*** Task data ***

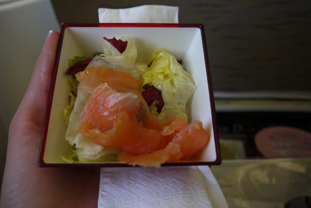▲飛機餐~跟以前的飛機餐比起來,真的是好吃很多,有沒有瞧瞧那鮭魚沙拉!! 是鮭魚優~~超好吃滴!!!!!
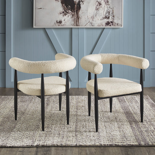 Black Finish Metal Ivory White Boucle Dining Chair (Set of 2)
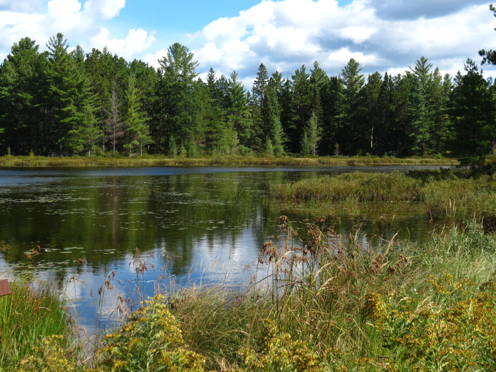 Besides sculpturally weathered stumps, a few small ponds and lakes vary the scenery. A beaver lodge we remembered from last year was still in place, but we saw no recent signs of gnawed trees along the road this year.
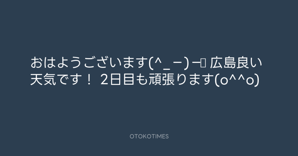 おはようございます(^_−)−☆ 広島良い天気です! 2日目も頑張ります(o^^o) -
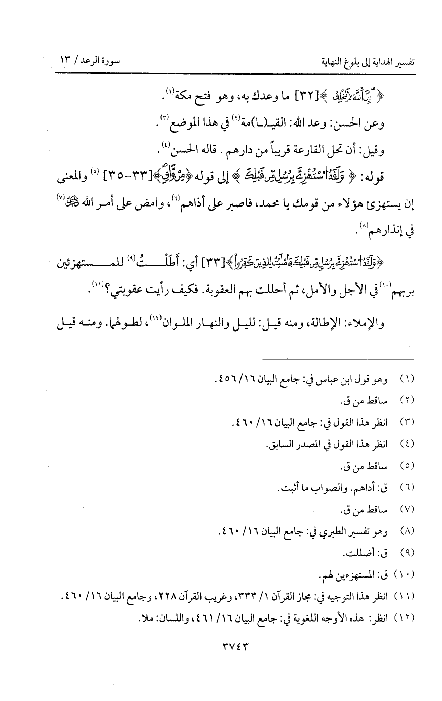 قوله: {وَلَقَدِ استهزئ بِرُسُلٍ مِّن قَبْلِكَ} إلى قوله {مِن وَاقٍ} والمعنى أن يستهزئ هؤلاء من قومك يا محمد، فاصبر على آذاهم، وامض على أمر الله D في إنذارهم.

*** End of Task data ***

# What the exercise asks
Return exactly the line containing "おはようございます(^_−)−☆ 広島良い天気です! 2日目も頑張ります(o^^o)" and every line after it, up to and including the final line of the entries above. Pictures stay out.

# Answer to this exercise
 おはようございます(^_−)−☆ 広島良い天気です! 2日目も頑張ります(o^^o) -
 قوله: {وَلَقَدِ استهزئ بِرُسُلٍ مِّن قَبْلِكَ} إلى قوله {مِن وَاقٍ} والمعنى أن يستهزئ هؤلاء من قومك يا محمد، فاصبر على آذاهم، وامض على أمر الله D في إنذارهم.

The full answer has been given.